Online gambling, like everything else on the Internet, is inherently interstate commerce. That makes federal regulation sensible.
Two bills in Congress are on the right track. One would legalize all forms of online gambling, except sports, and create an oversight office at the U.S. Department of the Treasury. It would also allow states to opt out of permitting such wagering. The other bill proposes a 4 percent federal tax on operators and permits states to collect an additional 8 percent in taxes. Combined, the two bills offer the outline for a rational federal approach.
Of course, there will be plenty of objections. Sheldon Adelson, who made his zillion-dollar fortune separating casino-goers from their money, has recently discovered moral objections to gambling (online, anyway). He should stop whining. Casinos—like every other industry from music to media to retail—will have to adjust to the Internet’s ruthless disruption. Some states may not like the idea, either. They might depend on tax revenue from casinos to shore up their budgets, for instance, or they might object to online gambling on moral grounds. Yet states will be able to raise substantial new revenue from online wagering, and traditional casinos will still be producing cash for a long time to come. If state officials find gambling sinful, they can always opt out.

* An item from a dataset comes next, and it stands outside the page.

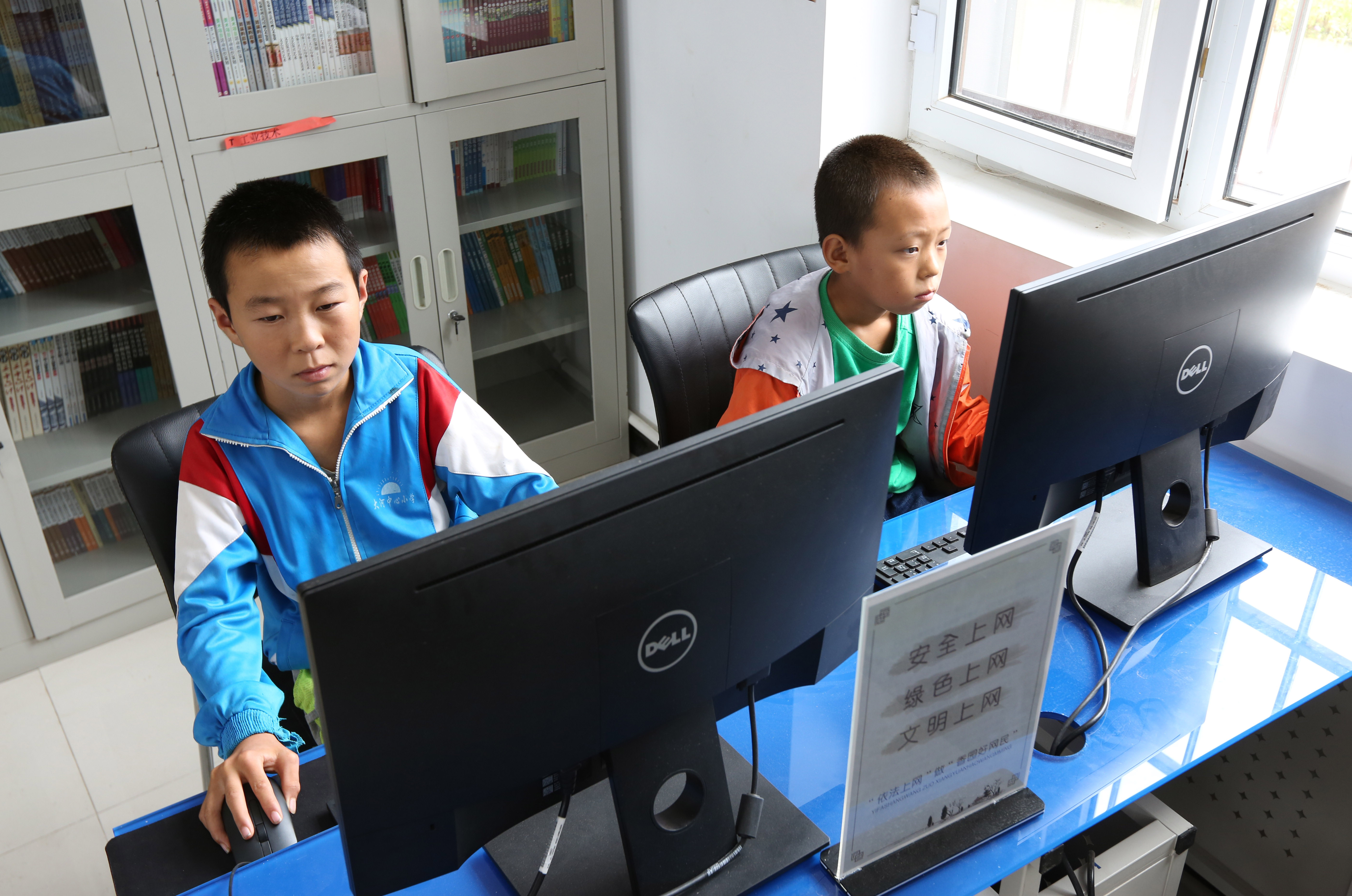 Two pupils study on the Internet in a library in Xiangyuan village of Wuzhong City, northwest China's Ningxia Hui Autonomous Region, Aug. 21, 2019. (Xinhua/Wu Jingdan)

At any rate, problem gambling and other harmful side effects will probably be easier to prevent online than they have been with casinos. If would-be players are required to open an account and have their identities verified, imposing loss limits should be fairly manageable from a technical perspective. (As with most things digital, convenience comes at the expense of privacy.) Online operators could also more easily comply with laws targeting money laundering and prohibitions against underage gambling. Again, it wouldn’t be foolproof, but neither are real-life casinos.

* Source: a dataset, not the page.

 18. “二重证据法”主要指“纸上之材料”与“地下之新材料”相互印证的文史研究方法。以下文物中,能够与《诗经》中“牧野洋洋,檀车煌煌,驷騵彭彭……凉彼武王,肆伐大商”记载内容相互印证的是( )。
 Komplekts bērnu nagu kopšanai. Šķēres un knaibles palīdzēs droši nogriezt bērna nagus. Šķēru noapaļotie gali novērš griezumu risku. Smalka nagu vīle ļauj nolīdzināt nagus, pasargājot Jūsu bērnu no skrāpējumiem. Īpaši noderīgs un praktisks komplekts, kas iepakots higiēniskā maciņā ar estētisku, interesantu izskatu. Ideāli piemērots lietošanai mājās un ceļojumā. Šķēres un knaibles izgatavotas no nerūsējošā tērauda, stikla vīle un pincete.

Finally, a federally regulated system would help move online gambling toward licensed—and taxed—domestic operators. Gamblers could be assured that their financial transactions are safe and legal and that the games aren’t rigged. Public officials, meanwhile, would be rewarded with a windfall: Taxing online wagers could lead to as much as $41 billion in revenue over 10 years.
People clearly like gambling. Letting them do so where they want would make them happy. Regulating it properly would keep them safe. And taxing it will make lawmakers smile.